Problem to solve =>
The answer is to be the lines of the material from its start through the line containing "Antiguo cuadro religioso", each copied exactly; no pictures.

Extracted records section start

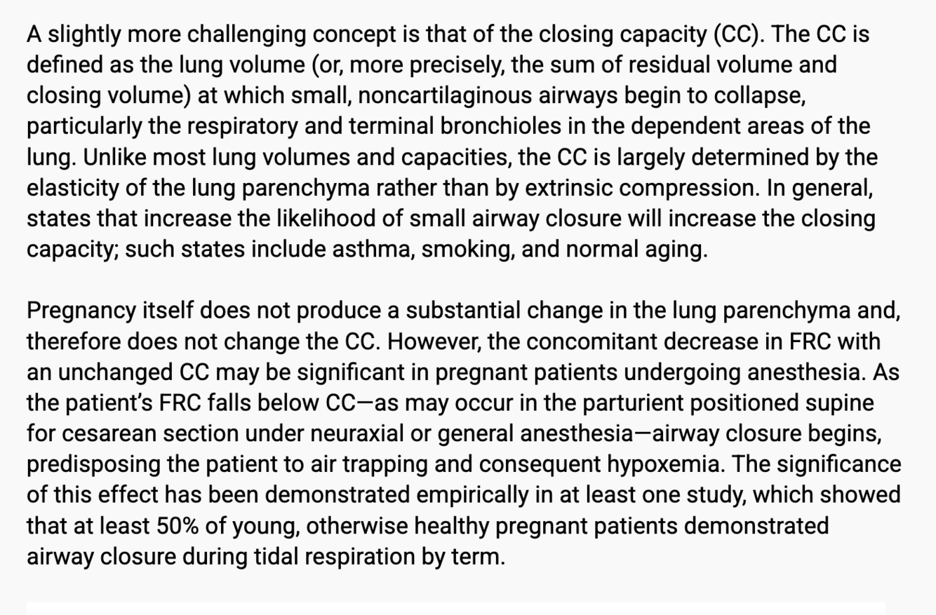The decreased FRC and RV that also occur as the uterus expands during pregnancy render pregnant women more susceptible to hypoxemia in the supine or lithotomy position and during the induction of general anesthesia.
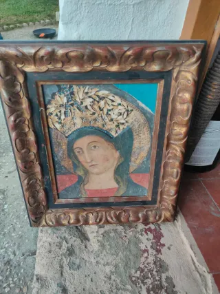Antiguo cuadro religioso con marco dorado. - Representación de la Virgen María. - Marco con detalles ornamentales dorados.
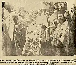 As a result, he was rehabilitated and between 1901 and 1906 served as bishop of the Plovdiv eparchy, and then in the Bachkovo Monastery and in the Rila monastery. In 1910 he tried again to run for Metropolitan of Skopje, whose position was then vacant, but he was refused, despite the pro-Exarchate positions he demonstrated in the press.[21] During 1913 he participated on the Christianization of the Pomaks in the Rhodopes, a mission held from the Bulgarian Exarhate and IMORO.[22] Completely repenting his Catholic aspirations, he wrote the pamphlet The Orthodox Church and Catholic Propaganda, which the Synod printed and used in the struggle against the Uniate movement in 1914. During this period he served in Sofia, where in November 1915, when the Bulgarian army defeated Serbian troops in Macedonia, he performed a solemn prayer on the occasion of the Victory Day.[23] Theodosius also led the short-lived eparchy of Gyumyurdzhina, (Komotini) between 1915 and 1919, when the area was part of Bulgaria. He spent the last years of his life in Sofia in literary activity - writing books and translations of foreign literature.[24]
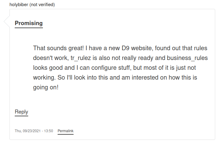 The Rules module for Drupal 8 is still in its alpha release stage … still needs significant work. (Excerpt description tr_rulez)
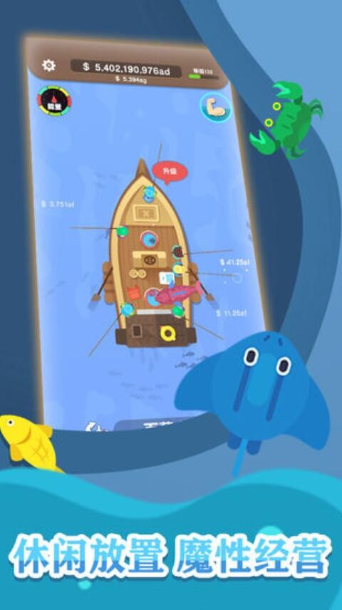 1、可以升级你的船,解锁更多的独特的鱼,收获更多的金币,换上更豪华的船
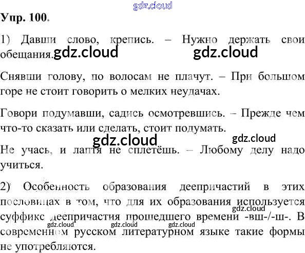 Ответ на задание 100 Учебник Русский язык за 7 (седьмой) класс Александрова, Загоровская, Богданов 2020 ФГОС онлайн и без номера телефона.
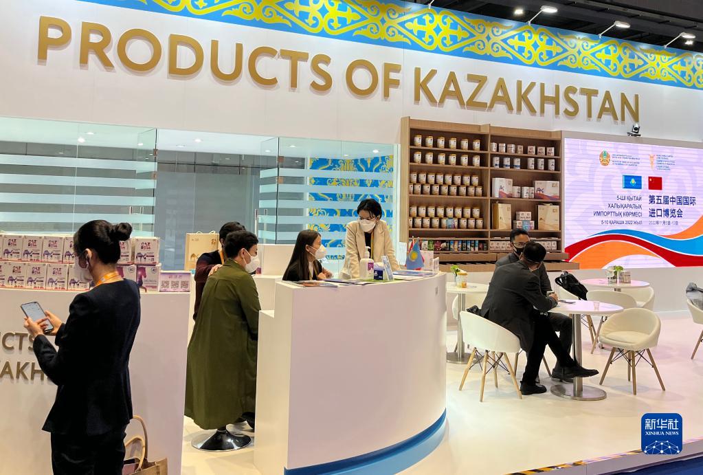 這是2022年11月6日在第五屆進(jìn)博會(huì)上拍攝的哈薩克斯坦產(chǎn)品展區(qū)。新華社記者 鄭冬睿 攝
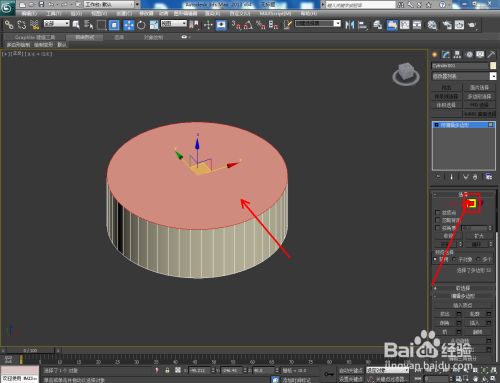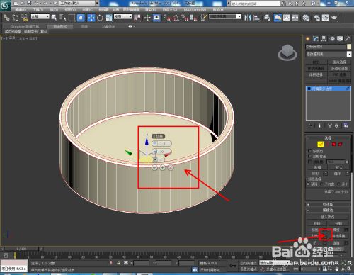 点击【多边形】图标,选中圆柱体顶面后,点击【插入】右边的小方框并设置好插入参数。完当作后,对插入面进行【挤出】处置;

Extracted records section end

Written response =>
The decreased FRC and RV that also occur as the uterus expands during pregnancy render pregnant women more susceptible to hypoxemia in the supine or lithotomy position and during the induction of general anesthesia.
Antiguo cuadro religioso con marco dorado. - Representación de la Virgen María. - Marco con detalles ornamentales dorados.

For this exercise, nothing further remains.